It’s pretty impressive when a business hits the 70 year mark.
Gehrig’s Chevron, located in downtown Odell, celebrated its 70th anniversary in June. And while much has changed in the middle valley, about the only thing different at Gehrig’s are the gas prices.
“It’s one of the very few businesses that has been continuously run by the same family,” said Patricia Gehrig, whose father-in-law, Rudy, opened the station with his brother Harold after World War II. She and husband Butch took over the station in 1986.
“Butch runs the day-to-day operations the same way his dad did,” Patricia said, “and I’ve always done the bookwork.”
“It doesn’t seem like it should be that long,” said Butch of the anniversary.
The station has an interesting history. Rudy was the child of immigrants — his father from Germany, his mother from Austria; they met and married in the States — who settled in the mid valley. Rudy went to grade school in Odell, but wasn’t able to continue his education, something he badly wanted.
“He was told he had to go to work by his parents,” Patricia said.
But he was “a very bright man,” and noticed orchards and logging ventures were becoming more established.
“When he saw that, he said, ‘We need a service station to serve agriculture in the middle valley,’” she said.
Rudy knew exactly where he wanted to put his station: In Odell, where he had grown up. He found a piece of property, complete with house, and talked to the owner about purchasing it.
Then World War II broke out, and Rudy and all four of his brothers enlisted in the military. But he never wavered from his goal of opening the station.
“They agreed on a price, and (that) when he came back from the war, he’d be able to buy it,” Patricia said.
For four years, Rudy was a chief engineer on a minesweeper located in the South Pacific, and every time he got paid, “he kept the money strapped to his body, and he didn’t spend his money because he had the goal and focus of buying that land in Odell,” she said.
When he came home, he built the station with Harold, from the ground up and by hand. His longtime goal finally came to fruition in June of 1946, when the station opened its doors for the first time. He and wife Margaret lived in the little house next door, eventually moving their growing family to a bigger house near Mid Valley Elementary.
“He had gas, tires, batteries — it was a full service station, just like today,” Patricia said. “We still wash your window and check your oil and give the same service you’d get in 1946.”
Gehrig’s also uses the same gas supplier — although in 1946, Chevron was called Standard Oil.
Rudy and Harold worked the station for 35 years before selling the business to Butch and Patricia — but Butch was already involved in the station’s operation, having begun working there as a teenager.
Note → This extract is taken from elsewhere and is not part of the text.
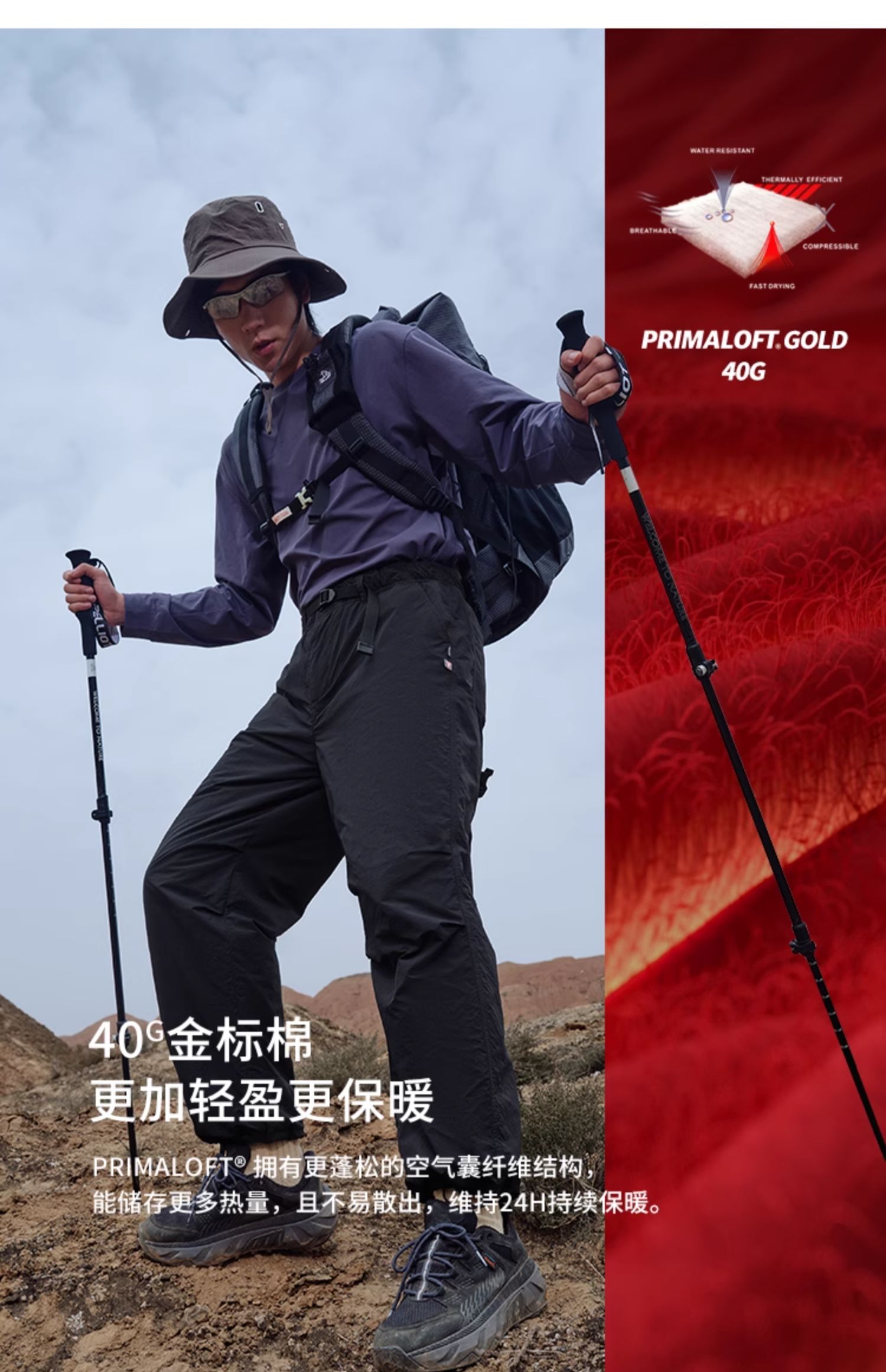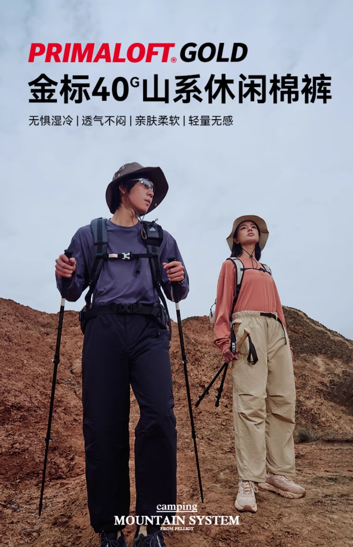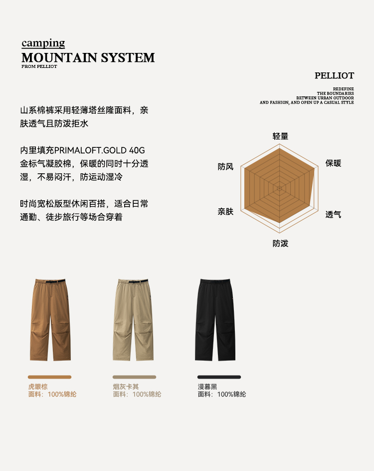 【山系】伯希和Primaloft金标P棉裤春季新款男女同款户外防风长裤

Another thing that hasn’t changed: Gehrig’s Chevron has always been a multi-generational meeting place. Walk in at any moment and you’ll see people in the station’s waiting room, just hanging out and talking. It’s not uncommon to see three generations of the same family in one day.
“The retired grandfathers and great-grandfathers sit on that bench in the morning, their children are in and out during the day — they’re running the orchards and they’re working — and their kids come in to get the tires on their bicycles aired up and fixed,” Patricia laughed. “I’ve seen this numerous times. ‘Grandpa was in this morning and your dad just left.’”
Part of the success of the station is that customers are treated like family — “but on the backside of that, we have been blessed by amazing friendships that have been created from that service station,” she said. “I’ve always told Butch … that we are blessed by amazing people who treat us like family, too.”
She’s also proud of the employees the station has seen through the years.
“Many a teenage boy has come to work here, and have their first job here,” she said. “We’re very proud of the people, the adults they’ve grown into, the careers they’ve gone on to have.”
The station’s Facebook page is a photographic testament to its history and to the family who started it. But someone is missing from the photos — Margaret. Why is that?
“They had nine children — you’re never going to see a picture of Margaret at the service station,” Patricia said.
Fair enough.
As for the station’s future, the plan is to keep looking to the past.
“We’re going to keep it running like always,” Butch said.